Segment Open
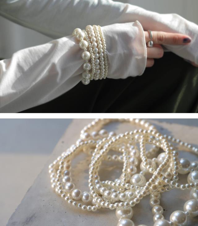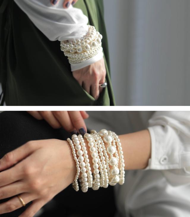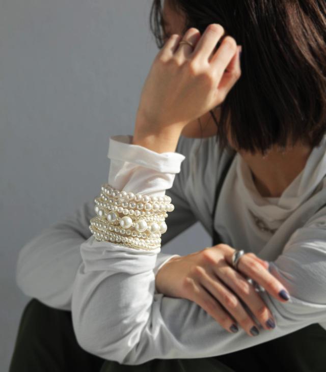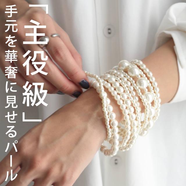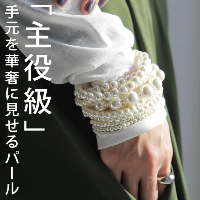 『主役級』手元を華奢に見せる10連パールブレスレット。
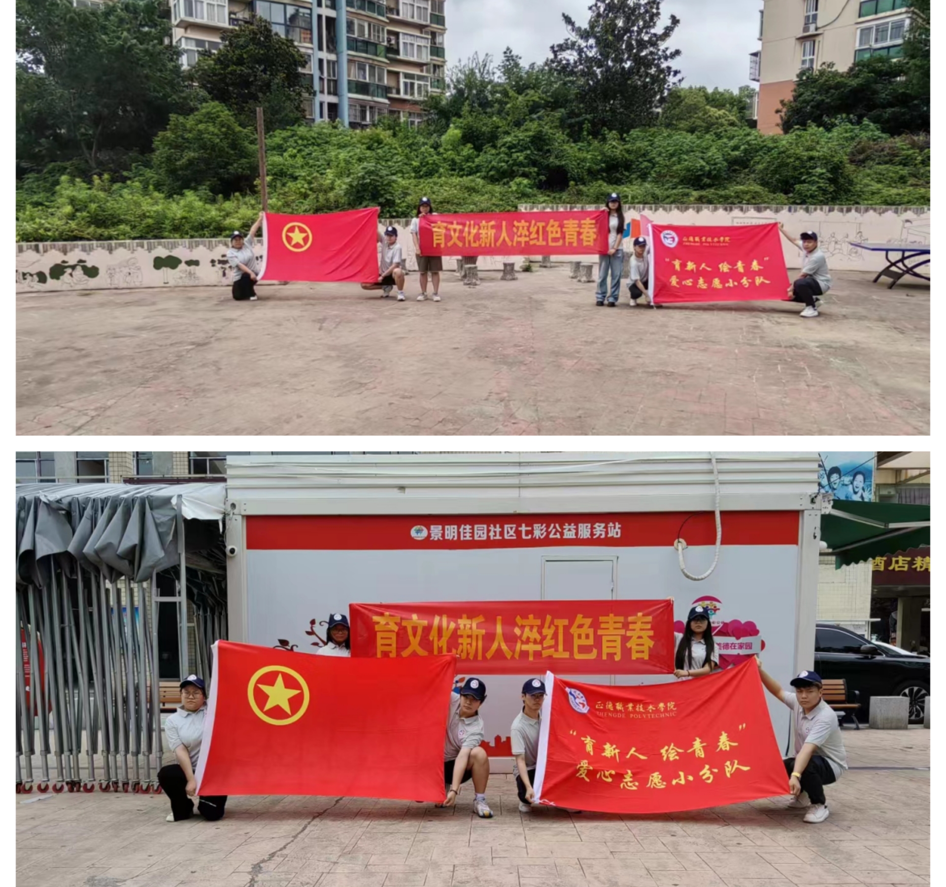 为了进一步学习宣传贯彻习近平新时代中国特色社会主义思想,全面贯彻落实党的二十大精神,深刻领悟习近平总书记同团中央新一届领导班子成员集体谈话的指示精神,引导和帮助广大青年学生在与现实相结合的“大思政课”中“受教育、长才干、做贡献”,引领学生立志做有理想、敢担当、能吃苦、肯奋斗的新时代好青年,激发广大青年在中国式现代化建设中挺膺担当,在校团委的指导支持下,系部团委带领下,艺术设计与建筑工程系围绕“党建+”建设,在景明佳园社区开展主题社会实践活动。
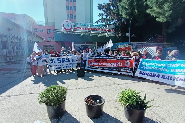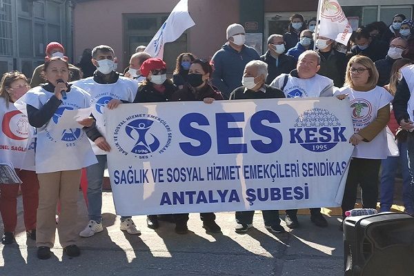 Sağlık emekçileri adına açıklama yapan Sağlık ve Sosyal Hizmet Emekçileri Sendikası (SES) Antalya Şubesi Eş Başkanı Şükran İçöz şunları söyledi;
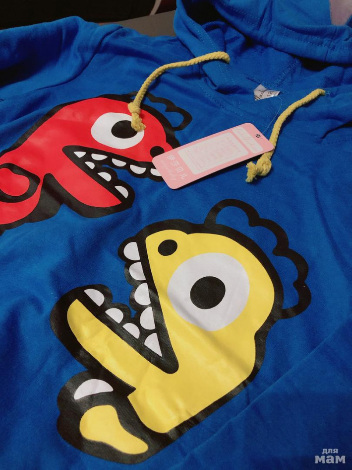 Худи с дракончиками и хвостом р-р 6-7 лет рост 120 (длина по спинке-44 см, рукав от плеча-40 см, между подмышками-34 см) -Цена 350 р
Segment Closed
__What to produce__.
Give again, exactly, each line from the one that contains "Sağlık emekçileri adına" through the last line of the material above. Pictures do not belong in the copy.

__The completed task__.
 Sağlık emekçileri adına açıklama yapan Sağlık ve Sosyal Hizmet Emekçileri Sendikası (SES) Antalya Şubesi Eş Başkanı Şükran İçöz şunları söyledi;
 Худи с дракончиками и хвостом р-р 6-7 лет рост 120 (длина по спинке-44 см, рукав от плеча-40 см, между подмышками-34 см) -Цена 350 р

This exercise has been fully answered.